An artificial intelligence chip from IBM is more than a dozen times as energy efficient as conventional microchips at speech recognition. Many controversial AI systems, including ChatGPT and other large language models, as well as generative AI now used to create video and images, may benefit from the device.
The accuracy of automated transcription has improved greatly in the past decade because of AI, IBM notes. However, the hardware used to help train and operate these and other AI systems is becoming more expensive and energy-hungry. To train its state-of-the-art AI GPT-3, OpenAI spent US $4.6 million to run 9,200 GPUs for two weeks.
A key obstacle is the energy and time lost shuttling vast amounts of data between processors and memory. The energy dissipated that way can be anywhere between three and 10,000 times as much as for the actual computation, notes Hechen Wang, a research scientist at Intel Labs in Hillsboro, Ore., who did not take part in the new study.
Brain-mimicking neuromorphic hardware often seeks to imitate the way biological neurons compute and store data. For instance, compute-in-memory or “analog AI“ microchips perform computations directly within memory.
Previous simulations from IBM suggested that analog AI could prove 40 to 140 times as energy efficient as the best GPUs for AI applications. Practical displays of these estimates were lacking until now.
In the new study, IBM researchers experimented with phase-change memory. This device relies on a material that, when hit with electrical pulses, can not only switch between amorphous and crystalline phases in a way analogous to the ones and zeroes of digital processors, but also to states lying between these values. This means phase-change memory can encode the results of multiply-accumulate (MAC) operations—the most basic computation in the deep neural networks driving the current explosion in AI—using just a few resistors or capacitors in the memory. Conventional approaches use hundreds or thousands of transistors, Wang notes.
The researchers created a 14-nanometer microchip loaded with 35 million phase-change memory cells across 34 tiles. All in all, the device was capable of up to 12.4 trillion operations per second per watt, an energy efficiency dozens or even hundreds of times that of the most powerful CPUs and GPUs.
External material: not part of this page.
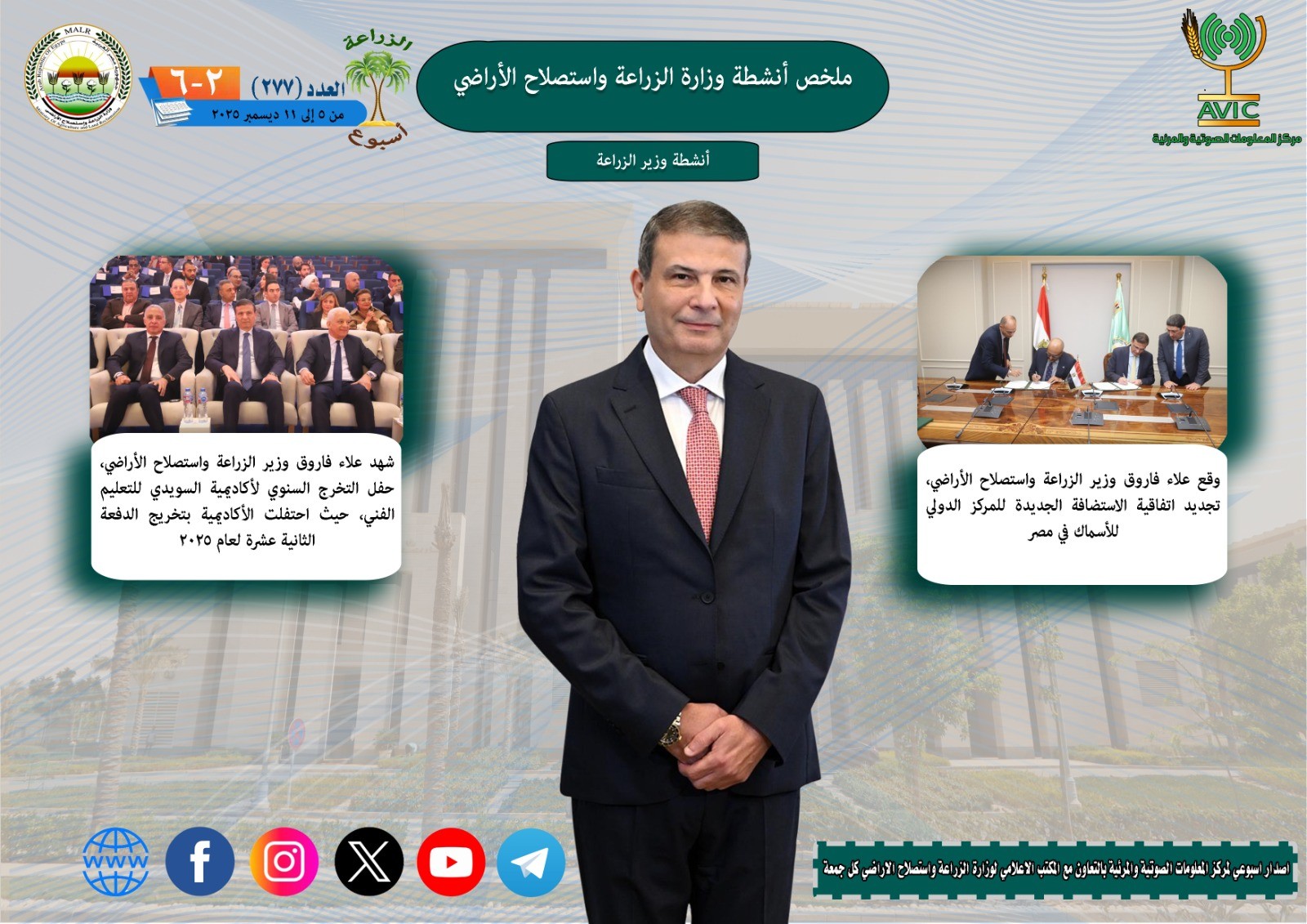 بينما وقع علاء فاروق وزير الزراعة واستصلاح الأراضي، تجديد اتفاقية الاستضافة الجديدة للمركز الدولي للأسماك في مصر، كما شهد الوزير حفل التخرج السنوي لأكاديمية السويدي للتعليم الفني، حيث احتفلت الأكاديمية بتخريج الدفعة الثانية عشرة لعام 2025.

The scientists used two speech-recognition neural-network programs to examine the flexibility of their device. One small system, Google Speech Commands, was used to spot keywords for voice commands, a task where speed might be of the essence. A large system, Librispeech, was used to transcribe speech to text, where the ability to efficiently analyze large amounts of data might be the most valuable. They found that their device performed as accurately as neural networks run on conventional hardware, while doing the job seven times as fast, for Google Speech Commands, and 14 times as energy efficiently, for Librispeech.
Intel Labs’ Wang notes this new microchip can support transformers, the type of neural network behind the current large language models (LLMs) powering chatbots such as ChatGPT. Essentially a supercharged version of the autocomplete feature that smartphones use to predict the rest of a word a person is typing, ChatGPT has passed law and business school exams, successfully answered interview questions for software-coding jobs, written real estate listings, and developed ad content.
Transformers are also the key building block underlying generative AI, Wang says. Generative AI systems such as Stable Diffusion, Midjourney, and DALL-E have proven popular for the art they produce. The new chip “has the potential to substantially reduce the power and cost of LLMs and generative AI,” Wang says.
However, LLMs and generative AI have also ignited firestorms of criticism. For instance, ChatGPT has displayed many flaws, such as writing error-ridden articles, and generative AI is running into controversy for its implications for intellectual property law. (IBM declined comment for this story.)
In addition, the new chip did not include all the components needed to process the data it was given. “Therefore, its performance is limited by the communication between chips and other off-chip components,” Wang says.
There are five more steps along the path toward commercially viable analog AI, Wang argues. What’s required are new circuits beyond those for MAC operations, to reduce its reliance on digital chips; hybrid analog-digital architecture, to handle computations that analog devices cannot perform; customized compilers that can map tasks efficiently to available hardware, to maximize performance; tailored algorithms optimized for the errors that analog computing experience; and applications optimized for analog chips.
Ultimately, analog AI “is still in its infancy, and its development will be a long journey,” Wang says.
The IBM scientists detailed their findings online 23 August in the journal Nature.